- Opening Delimiter -

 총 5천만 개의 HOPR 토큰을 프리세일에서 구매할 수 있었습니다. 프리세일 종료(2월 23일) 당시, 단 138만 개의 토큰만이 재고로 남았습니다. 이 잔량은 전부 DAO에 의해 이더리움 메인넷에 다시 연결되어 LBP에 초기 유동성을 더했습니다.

- Closing Delimiter -
- Opening Delimiter -

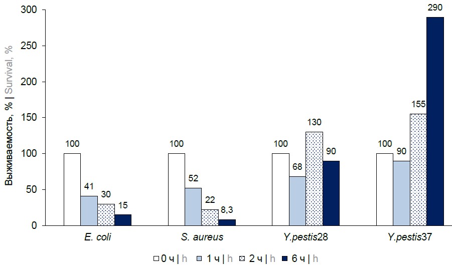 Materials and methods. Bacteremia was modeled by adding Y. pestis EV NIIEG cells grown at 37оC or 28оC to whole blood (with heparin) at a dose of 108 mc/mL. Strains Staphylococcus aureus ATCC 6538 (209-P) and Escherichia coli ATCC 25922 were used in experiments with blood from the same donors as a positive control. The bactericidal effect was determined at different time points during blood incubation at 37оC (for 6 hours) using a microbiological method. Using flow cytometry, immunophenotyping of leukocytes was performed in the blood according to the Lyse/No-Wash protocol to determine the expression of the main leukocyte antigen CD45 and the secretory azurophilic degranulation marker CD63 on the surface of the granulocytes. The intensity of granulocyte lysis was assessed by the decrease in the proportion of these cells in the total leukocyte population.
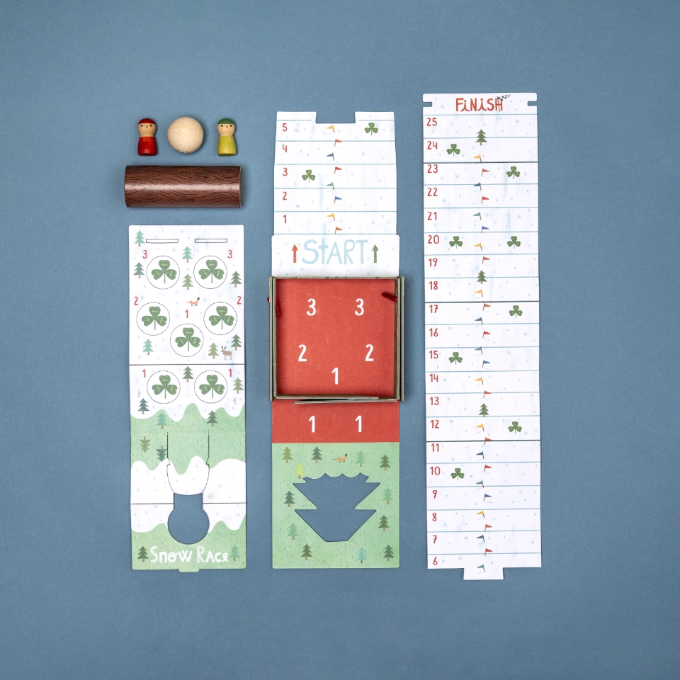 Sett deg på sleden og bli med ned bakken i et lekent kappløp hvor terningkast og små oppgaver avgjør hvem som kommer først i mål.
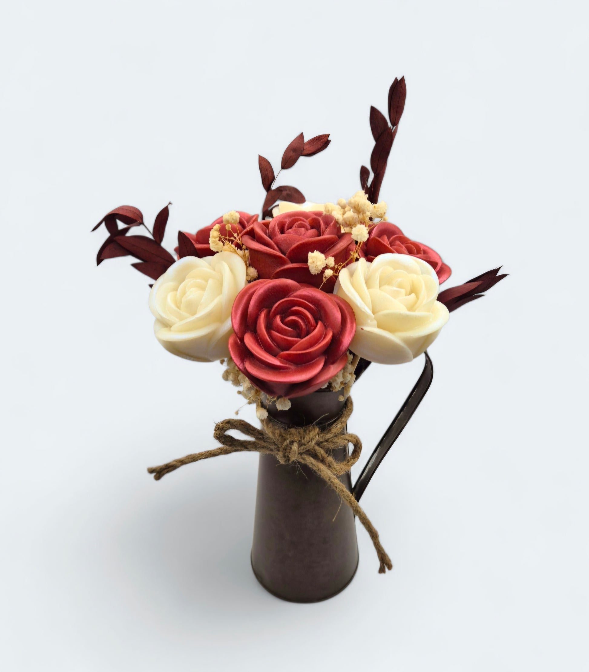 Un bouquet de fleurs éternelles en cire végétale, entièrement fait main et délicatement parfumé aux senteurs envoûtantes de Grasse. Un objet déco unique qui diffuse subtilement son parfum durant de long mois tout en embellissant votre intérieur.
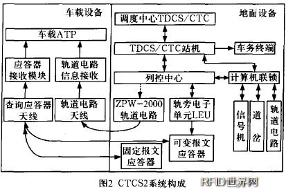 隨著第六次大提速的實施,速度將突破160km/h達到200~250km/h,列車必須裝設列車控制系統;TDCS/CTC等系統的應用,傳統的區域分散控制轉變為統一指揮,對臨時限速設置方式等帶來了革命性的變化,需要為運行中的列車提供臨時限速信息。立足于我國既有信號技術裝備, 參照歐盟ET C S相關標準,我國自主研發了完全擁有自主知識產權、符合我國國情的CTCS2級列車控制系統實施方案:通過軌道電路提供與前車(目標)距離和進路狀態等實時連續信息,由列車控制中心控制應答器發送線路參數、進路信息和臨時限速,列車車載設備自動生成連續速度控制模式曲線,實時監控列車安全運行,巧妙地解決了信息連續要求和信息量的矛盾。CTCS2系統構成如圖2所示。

- Closing Delimiter -

* [What the exercise asks]: Starting at the line above that has "Sett deg på" and ending at the line that has "Un bouquet de", copy each line exactly, leaving the pictures out and adding nothing.

* [Task solution]:
 Sett deg på sleden og bli med ned bakken i et lekent kappløp hvor terningkast og små oppgaver avgjør hvem som kommer først i mål.
 Un bouquet de fleurs éternelles en cire végétale, entièrement fait main et délicatement parfumé aux senteurs envoûtantes de Grasse. Un objet déco unique qui diffuse subtilement son parfum durant de long mois tout en embellissant votre intérieur.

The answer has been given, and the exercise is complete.